WORK REQUIRED: Your task is to restate word for word the lines in the material below, from the one with "AMD Ryzen Threadripper 1900X 是" up to and including the one with "Drinnen: Wenn Minimalismus". Do not carry over the pictures.

THE DATA:
= = = =

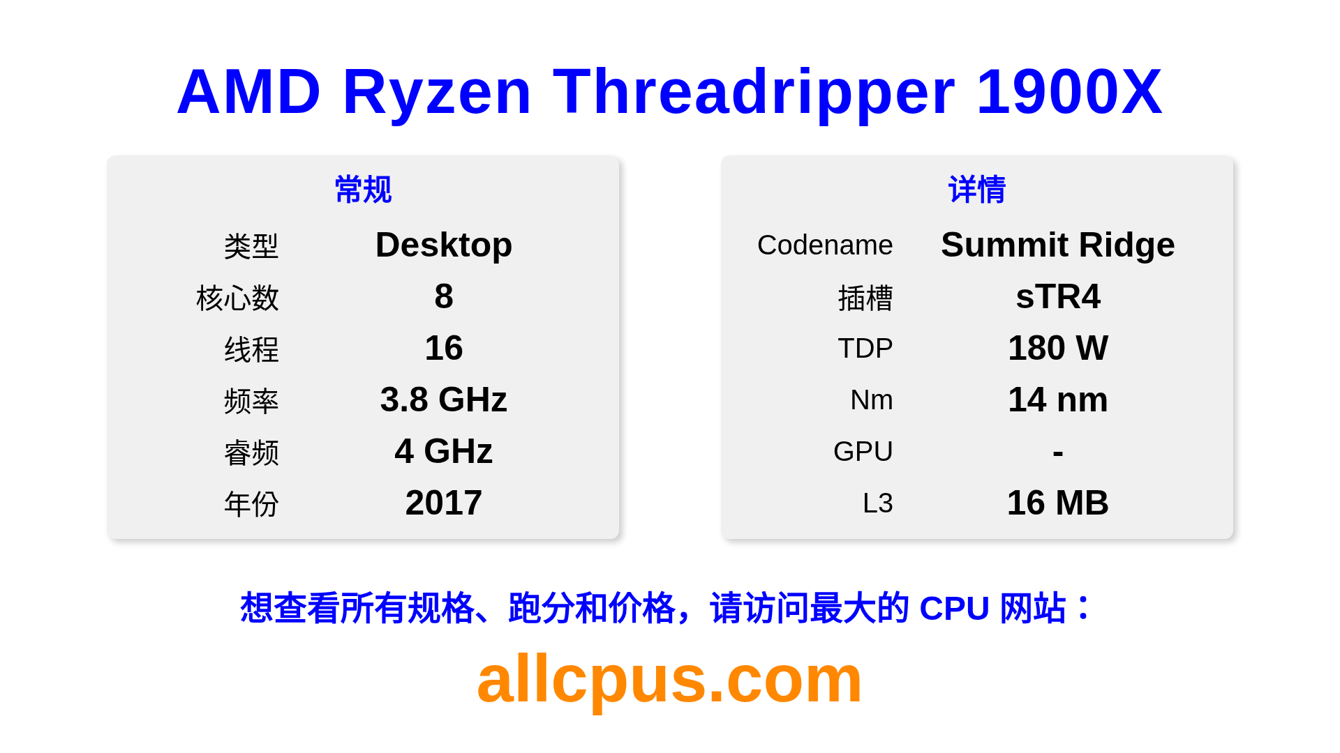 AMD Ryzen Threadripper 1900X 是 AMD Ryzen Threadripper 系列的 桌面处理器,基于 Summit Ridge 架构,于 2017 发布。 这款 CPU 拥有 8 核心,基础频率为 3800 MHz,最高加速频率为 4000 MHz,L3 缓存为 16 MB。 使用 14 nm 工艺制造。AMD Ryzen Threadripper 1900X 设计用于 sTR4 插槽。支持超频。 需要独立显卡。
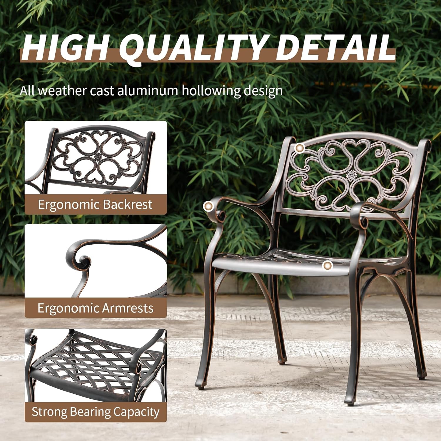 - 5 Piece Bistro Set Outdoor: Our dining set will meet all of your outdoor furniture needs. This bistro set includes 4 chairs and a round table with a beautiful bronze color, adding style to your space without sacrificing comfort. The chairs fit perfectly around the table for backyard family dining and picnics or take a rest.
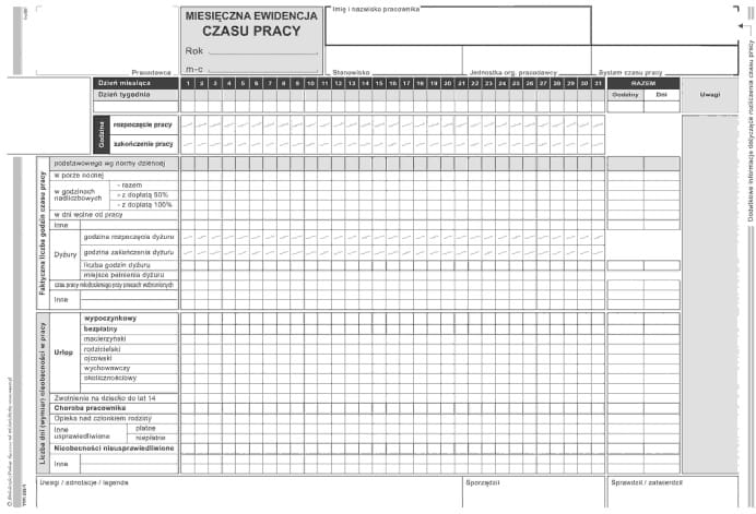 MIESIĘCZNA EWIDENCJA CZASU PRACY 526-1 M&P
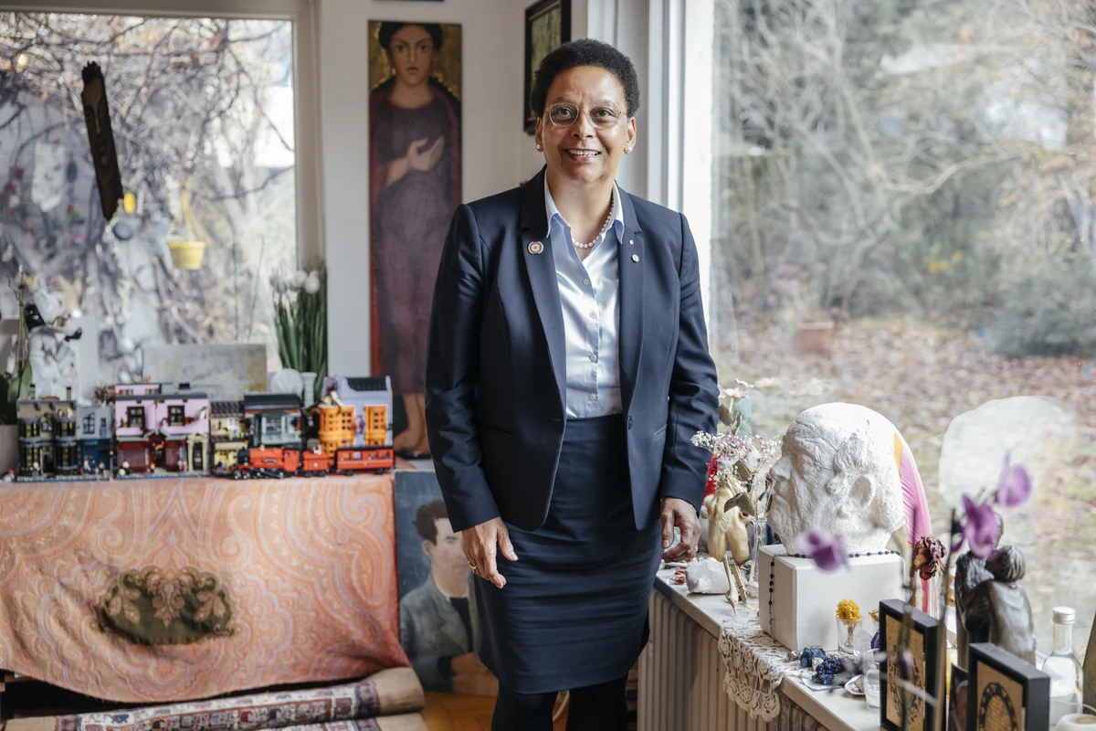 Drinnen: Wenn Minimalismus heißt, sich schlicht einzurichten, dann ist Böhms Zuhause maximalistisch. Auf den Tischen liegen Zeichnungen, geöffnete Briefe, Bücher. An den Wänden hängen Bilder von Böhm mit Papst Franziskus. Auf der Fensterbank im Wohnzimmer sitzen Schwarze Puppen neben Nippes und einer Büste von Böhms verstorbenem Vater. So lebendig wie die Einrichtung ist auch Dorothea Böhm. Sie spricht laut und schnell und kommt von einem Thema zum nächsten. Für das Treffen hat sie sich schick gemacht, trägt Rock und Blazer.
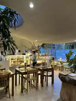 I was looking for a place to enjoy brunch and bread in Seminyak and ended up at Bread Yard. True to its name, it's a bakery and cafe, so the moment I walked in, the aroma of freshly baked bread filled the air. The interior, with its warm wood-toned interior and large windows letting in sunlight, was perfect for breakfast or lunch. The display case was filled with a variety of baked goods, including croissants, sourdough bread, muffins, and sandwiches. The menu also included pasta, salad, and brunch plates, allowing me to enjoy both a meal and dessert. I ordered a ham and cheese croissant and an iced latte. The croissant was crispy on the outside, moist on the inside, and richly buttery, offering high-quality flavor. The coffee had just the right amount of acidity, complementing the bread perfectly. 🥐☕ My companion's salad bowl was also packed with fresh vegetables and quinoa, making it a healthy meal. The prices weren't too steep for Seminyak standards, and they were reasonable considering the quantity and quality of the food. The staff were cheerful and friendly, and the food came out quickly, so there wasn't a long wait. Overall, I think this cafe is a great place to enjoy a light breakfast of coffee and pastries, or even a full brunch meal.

= = = =

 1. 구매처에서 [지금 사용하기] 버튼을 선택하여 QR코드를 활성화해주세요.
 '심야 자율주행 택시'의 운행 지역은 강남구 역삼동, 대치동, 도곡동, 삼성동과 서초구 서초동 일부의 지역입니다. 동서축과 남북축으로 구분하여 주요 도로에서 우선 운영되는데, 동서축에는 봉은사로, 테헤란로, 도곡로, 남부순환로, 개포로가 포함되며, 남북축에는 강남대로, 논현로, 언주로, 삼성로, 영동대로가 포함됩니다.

= = = =

THE COMPLETED TASK:
 AMD Ryzen Threadripper 1900X 是 AMD Ryzen Threadripper 系列的 桌面处理器,基于 Summit Ridge 架构,于 2017 发布。 这款 CPU 拥有 8 核心,基础频率为 3800 MHz,最高加速频率为 4000 MHz,L3 缓存为 16 MB。 使用 14 nm 工艺制造。AMD Ryzen Threadripper 1900X 设计用于 sTR4 插槽。支持超频。 需要独立显卡。
 - 5 Piece Bistro Set Outdoor: Our dining set will meet all of your outdoor furniture needs. This bistro set includes 4 chairs and a round table with a beautiful bronze color, adding style to your space without sacrificing comfort. The chairs fit perfectly around the table for backyard family dining and picnics or take a rest.
 MIESIĘCZNA EWIDENCJA CZASU PRACY 526-1 M&P
 Drinnen: Wenn Minimalismus heißt, sich schlicht einzurichten, dann ist Böhms Zuhause maximalistisch. Auf den Tischen liegen Zeichnungen, geöffnete Briefe, Bücher. An den Wänden hängen Bilder von Böhm mit Papst Franziskus. Auf der Fensterbank im Wohnzimmer sitzen Schwarze Puppen neben Nippes und einer Büste von Böhms verstorbenem Vater. So lebendig wie die Einrichtung ist auch Dorothea Böhm. Sie spricht laut und schnell und kommt von einem Thema zum nächsten. Für das Treffen hat sie sich schick gemacht, trägt Rock und Blazer.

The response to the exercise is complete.